Write out the entire listing below exactly, with the pictures left out.

[[ GIVEN INFORMATION open ]]

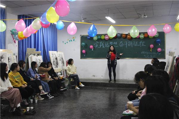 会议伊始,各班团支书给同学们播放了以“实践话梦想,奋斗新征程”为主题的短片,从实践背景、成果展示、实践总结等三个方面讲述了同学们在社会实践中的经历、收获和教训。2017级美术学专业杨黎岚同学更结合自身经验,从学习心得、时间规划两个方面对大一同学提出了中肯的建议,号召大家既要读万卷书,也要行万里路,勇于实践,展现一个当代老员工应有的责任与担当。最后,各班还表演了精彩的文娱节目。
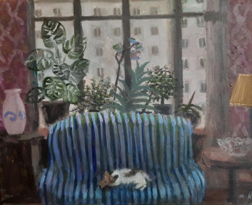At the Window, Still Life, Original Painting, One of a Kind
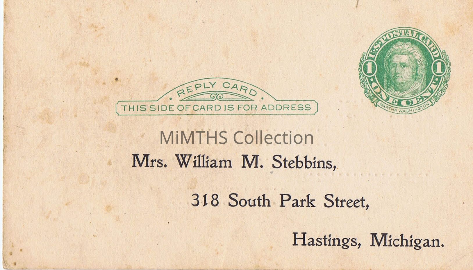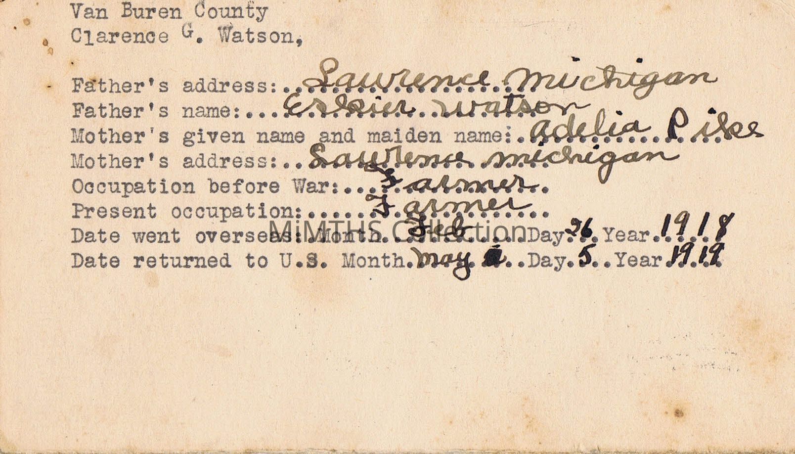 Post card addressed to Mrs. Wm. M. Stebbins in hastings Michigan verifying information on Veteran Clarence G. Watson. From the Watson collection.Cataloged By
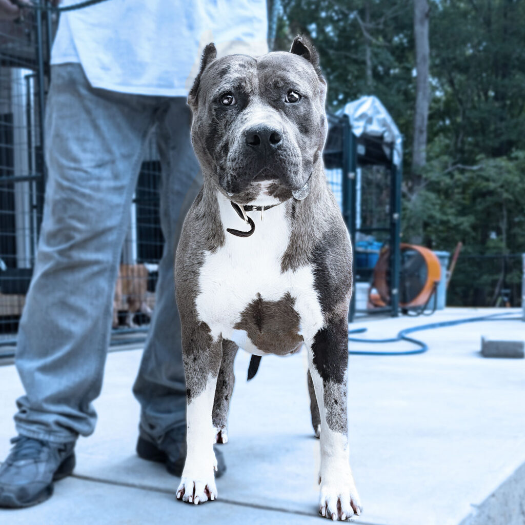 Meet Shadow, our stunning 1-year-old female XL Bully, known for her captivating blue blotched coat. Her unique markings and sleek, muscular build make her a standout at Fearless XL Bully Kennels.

[[ GIVEN INFORMATION closed ]]

(WRITTEN ANSWER):
 会议伊始,各班团支书给同学们播放了以“实践话梦想,奋斗新征程”为主题的短片,从实践背景、成果展示、实践总结等三个方面讲述了同学们在社会实践中的经历、收获和教训。2017级美术学专业杨黎岚同学更结合自身经验,从学习心得、时间规划两个方面对大一同学提出了中肯的建议,号召大家既要读万卷书,也要行万里路,勇于实践,展现一个当代老员工应有的责任与担当。最后,各班还表演了精彩的文娱节目。
At the Window, Still Life, Original Painting, One of a Kind
 Post card addressed to Mrs. Wm. M. Stebbins in hastings Michigan verifying information on Veteran Clarence G. Watson. From the Watson collection.Cataloged By
 Meet Shadow, our stunning 1-year-old female XL Bully, known for her captivating blue blotched coat. Her unique markings and sleek, muscular build make her a standout at Fearless XL Bully Kennels.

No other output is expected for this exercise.